I purchased a 200watt visitherm heater for my 40 gallon as I was setting it up. I set the thermostat just between 76-78 and for about 2 weeks all was holding up well. I didnt have a cover yet and so attached the legs on my 78watt light fixture and the entire top was open.
My glass finally came in so I installed that, and took the legs off of the light fixture and put it directly on top of the glass.
Suddenly I cant seem to get my temp below 80... I lowered the thermo. on the heater to 76 2 days ago and i am still holding strong at 80. I generally like my tank to be about 76 - 77 degrees.

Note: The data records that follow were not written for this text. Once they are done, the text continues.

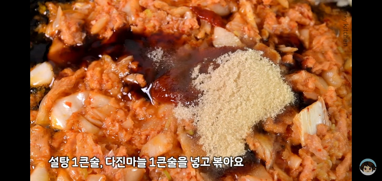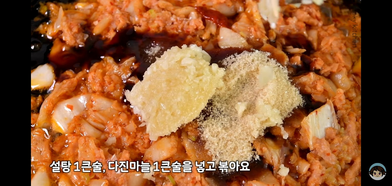 설탕 한 스푼과 다진 마늘 한 스푼을 추가하면, 마늘의 알싸한 향이 더해져 한층 더 맛있는 김치볶음밥을 완성할 수 있어요.
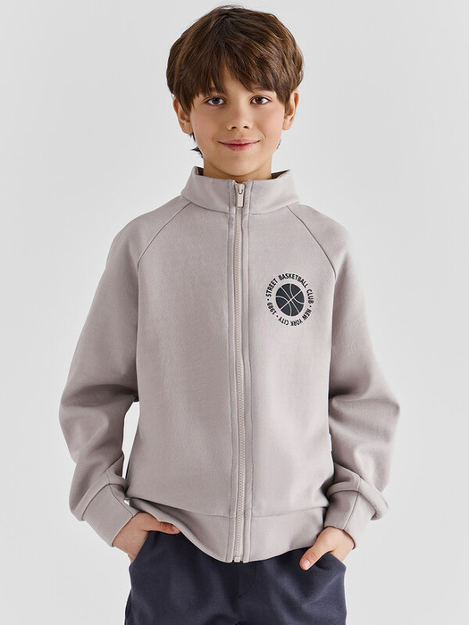 Толстовка свободного силуэта. В горловину втачен воротник-стойка из основного полотна. Рукава втачные, длинные - реглан. По низу рукава манжеты из основного полотна. По переду застежка на молнию. По низу изделия отрезной пояс из основного полотна.
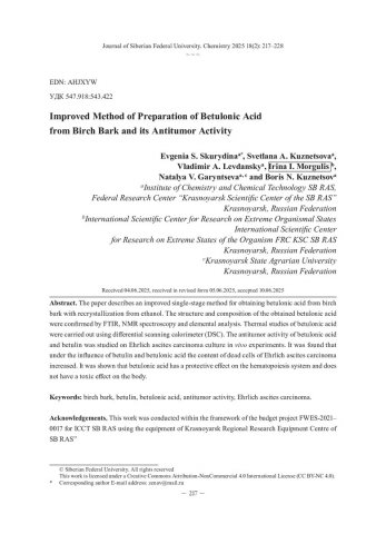Библиографическое описание:Усовершенствованный способ получения бетулоновой кислоты из бересты березы и её противоопухолевая активность = Improved Method of Preparation of Betulonic Acid from Birch Bark and its Antitumor Activity / Е. С. Скурыдина, С. А. Кузнецова, В. А. Левданский [и др.]. - Текст : непосредственный // Журнал Сибирского федерального университета. Химия. - 2025. - Т. 18, № 2. - С. 217-228. - Библиогр.: с. 227-228 (23 назв.). - ISSN 1998-2836.
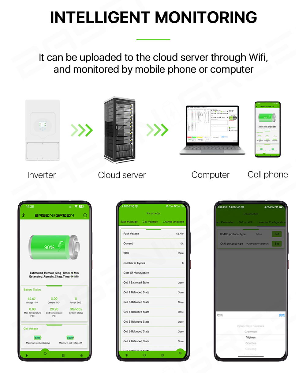 ●[Disponível a qualquer momento]: Com RS232/RS485/CAN, informações a qualquer momento via celular ou computador.
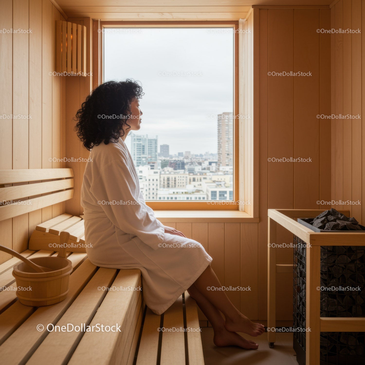 Relaksująca się kobieta siedząca w drewnianej saunie z widokiem na miasto
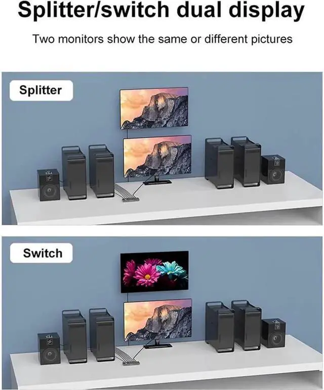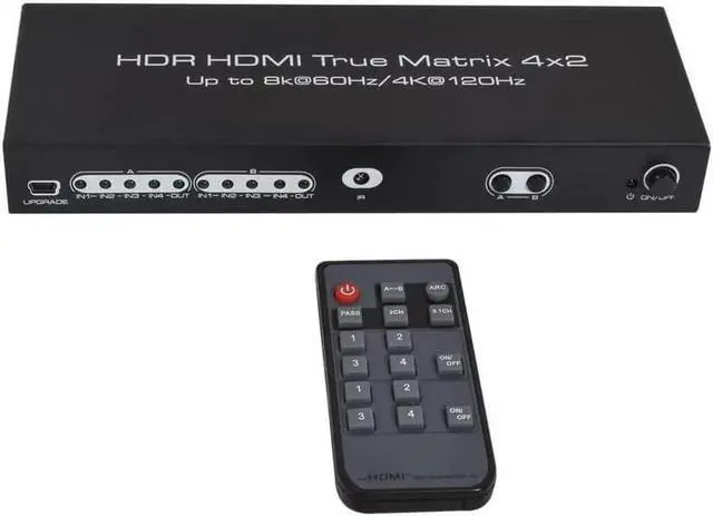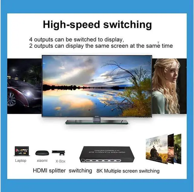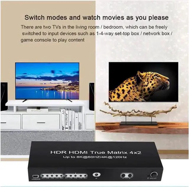 This 8K 4x2 HDMI matrix switcher with HDMI 2.1 expands the bandwidth to 48 Gbps and connects 8K/HD TVs to Blu-ray/DVD players, Xbox, Play Station, PC and other HDMI devices.
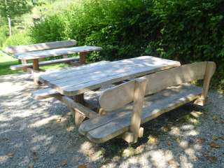 2 Tische und 4 Bänke sind vorhanden.
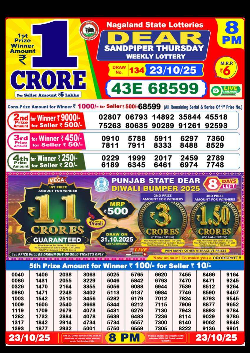 Nagaland State Lottery 8PM Result for 23 October 2025 is Here. Check the 8PM Dear Lottery Results Live Today. Download the Results Image or print the result PDF For Free. The 8PM Results are Officially Released by the Nagaland State Lottery Through Live Draw on the YouTube channel.

I lowered it again tonight to 74 but i am worried about a possible temp. fluctuation throwing the tank off...
I have plants in there so i dont want to raise the light again because I think (?) it will lower the wpg that is reaching the plants...
Any advice?? or do I just need to keep messing with it?


----------



## SueM (Jan 23, 2004)

without adding the legs back on, the lights will always raise the temp. Raising them up just an inch for ventilation won't cut back that much on your WPG as long as the glass is clean. On my planted tanks, I have the lights up 1/2 inch with a small fan on the same timer as the lights.


----------



## COM (Mar 15, 2008)

^^ What she said.

80 is a perfectly fine temp for your fish. I would recommend keeping the temp up there as you will avoid Ich outbreaks.


----------



## 207lauras (Jan 28, 2009)

I wouldnt mind the high temp, my pleco just seems more stressed when it is up. I have been noticing lighter spots along his sides that werent there a few weeks ago. How can I get the light up a 1/2 inch or so? The ones that can with the light raise it up about 2.5 - 3 inches


----------



## COM (Mar 15, 2008)

You can cut some small strips of wood to raise the light. Wood is also an insulator and will absorb quite a bit of heat energy.


----------



## jones57742 (Sep 8, 2007)

207lauras said:


> I purchased a 200watt visitherm heater for my 40 gallon as I was setting it up. I set the thermostat just between 76-78 and for about 2 weeks all was holding up well. I didnt have a cover yet and so attached the legs on my 78watt light fixture and the entire top was open.
> My glass finally came in so I installed that, and *took the legs off of the light fixture *and put it directly on top of the glass.
> 
> I have plants in there so i dont want to raise the light again because I think (?) it will lower the wpg that is reaching the plants...
> ...


2l: Put the "legs" back on the fixture.

The inch or so separation will have no significant effect on the efficacy of the fixture with respect to energy transmission to your plants but will have a significant benefit with respect to heat dissipation into the atmosphere versus heat dissipation into your tank water.

TR


----------



## SueM (Jan 23, 2004)

jones57742 said:


> 2l: Put the "legs" back on the fixture.
> 
> The inch or so separation will have no significant effect on the efficacy of the fixture with respect to energy transmission to your plants but will have a significant benefit with respect to heat dissipation into the atmosphere versus heat dissipation into your tank water.
> 
> TR


I "think" thats what I said


----------



## jones57742 (Sep 8, 2007)

SueM said:


> I "think" thats what I said


Thanks a bunch Sue!

TR


----------